Used Car Price Prediction: A Complete Machine Learning Regression Project

This is an end-to-end machine learning regression project aimed at predicting used car resale prices. It uses Random Forest and Gradient Boosting algorithms, covering the full workflow of feature engineering, data visualization, and model evaluation.

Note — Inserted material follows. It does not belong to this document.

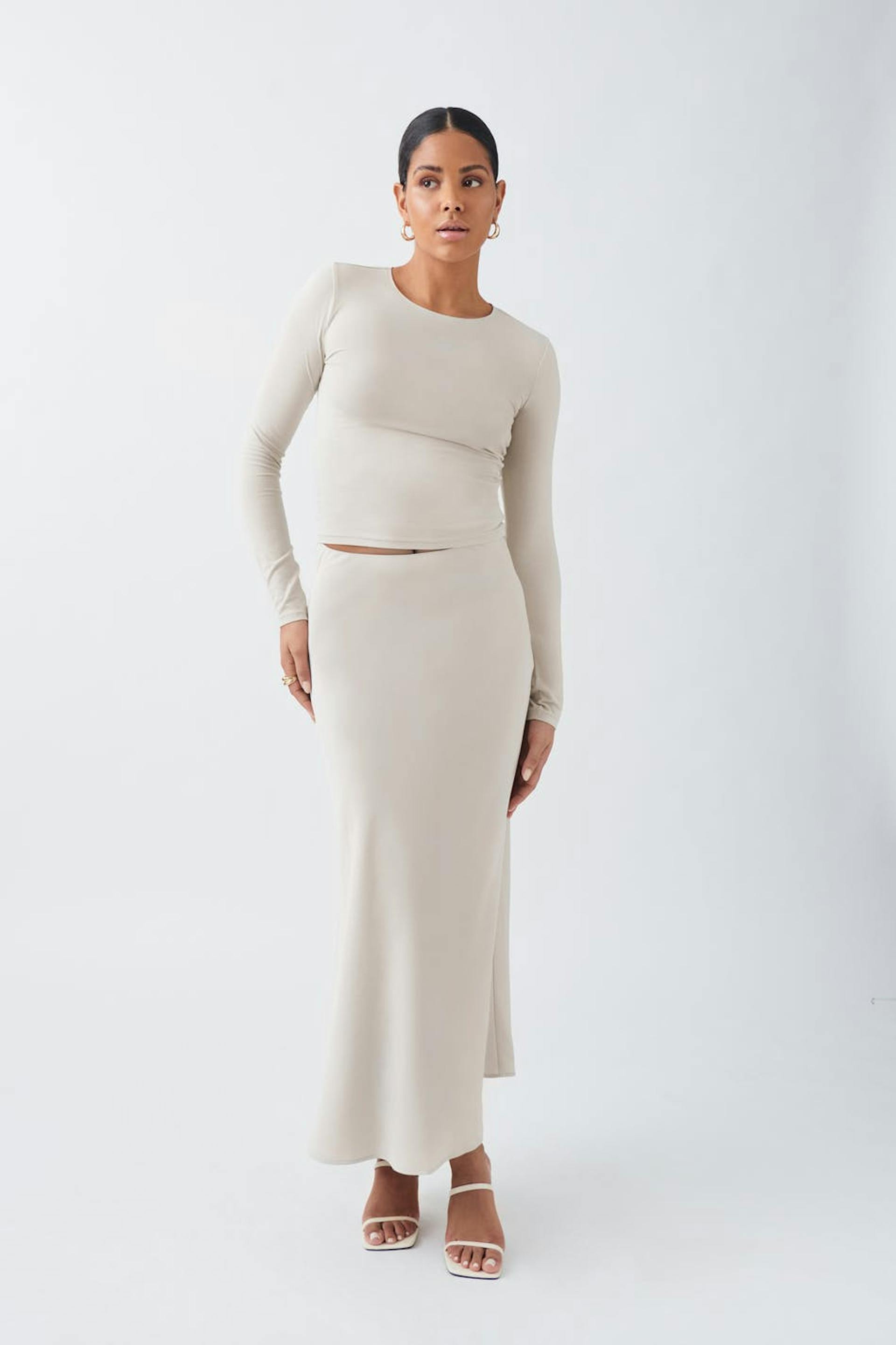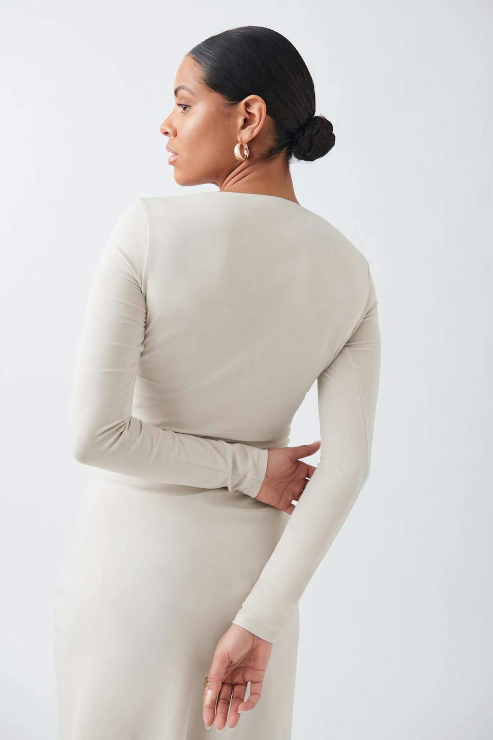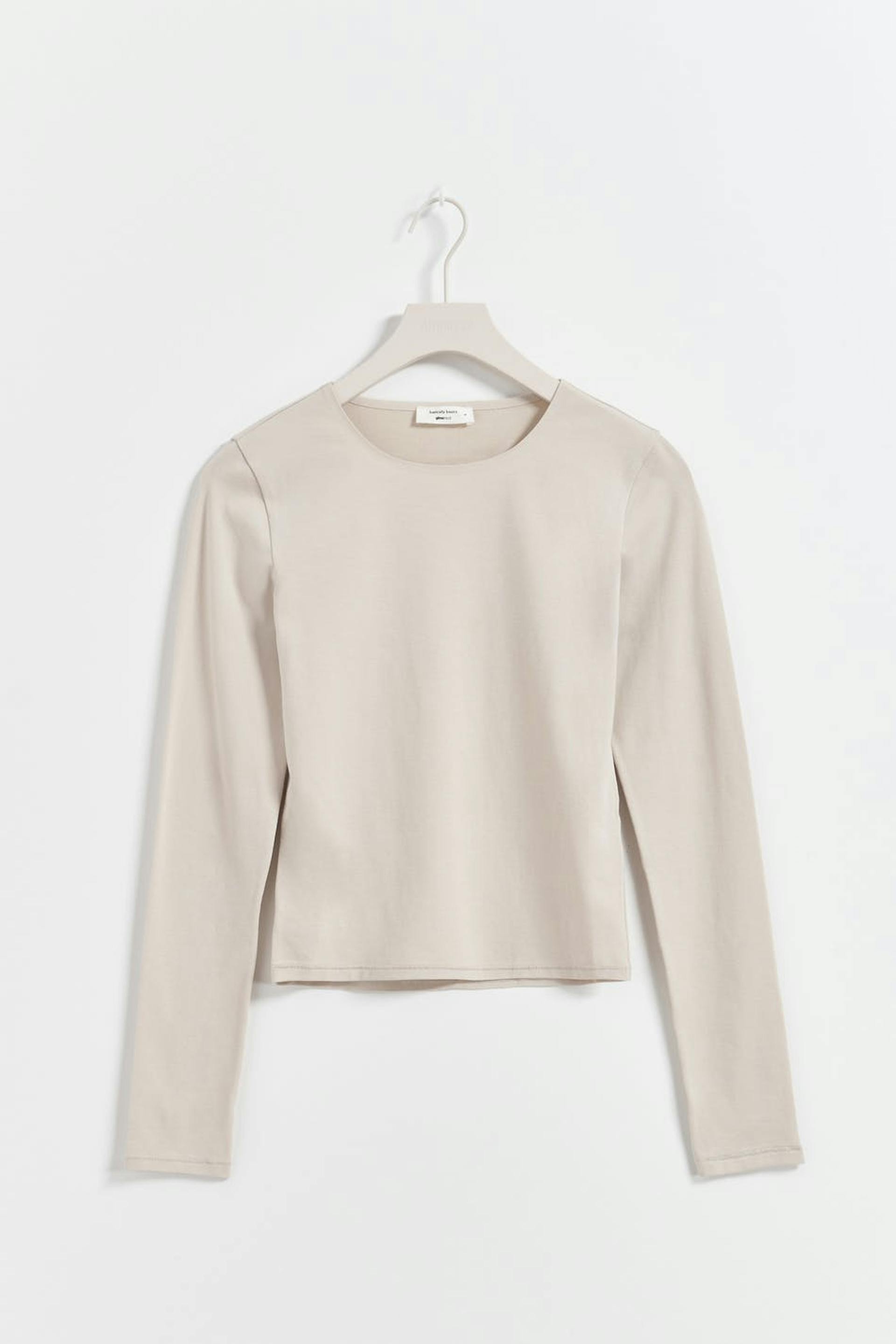 Long-sleeved top in jersey with figure-hugging fit. The top is beige and has cropped length.

The project is from GitHub author anosh-hash and provides a well-structured practical case for machine learning beginners.

• Original Author/Maintainer: anosh-hash
• Source Platform: GitHub
• Original Link: https://github.com/anosh-hash/Car_price_prediction
• Release Date: June 13, 2026

The project aims to predict resale prices based on features like vehicle brand, current price, and mileage, using a Python tech stack (Pandas, Scikit-learn, Matplotlib, Seaborn) to provide a reproducible end-to-end case for beginners.

The dataset contains 301 car records with 9 core features: Car_Name, Year, Selling_Price (target), Present_Price, Driven_kms, Fuel_Type, Selling_type, Transmission, Owner.

Derived Feature Design:

1. Car_Age (Current Year - Manufacturing Year)
2. Depreciation_Pct (Value loss relative to current price)
3. Kms_Per_Year (Total mileage / Car Age)
4. Brand_Goodwill (Reputation encoded by average brand selling price)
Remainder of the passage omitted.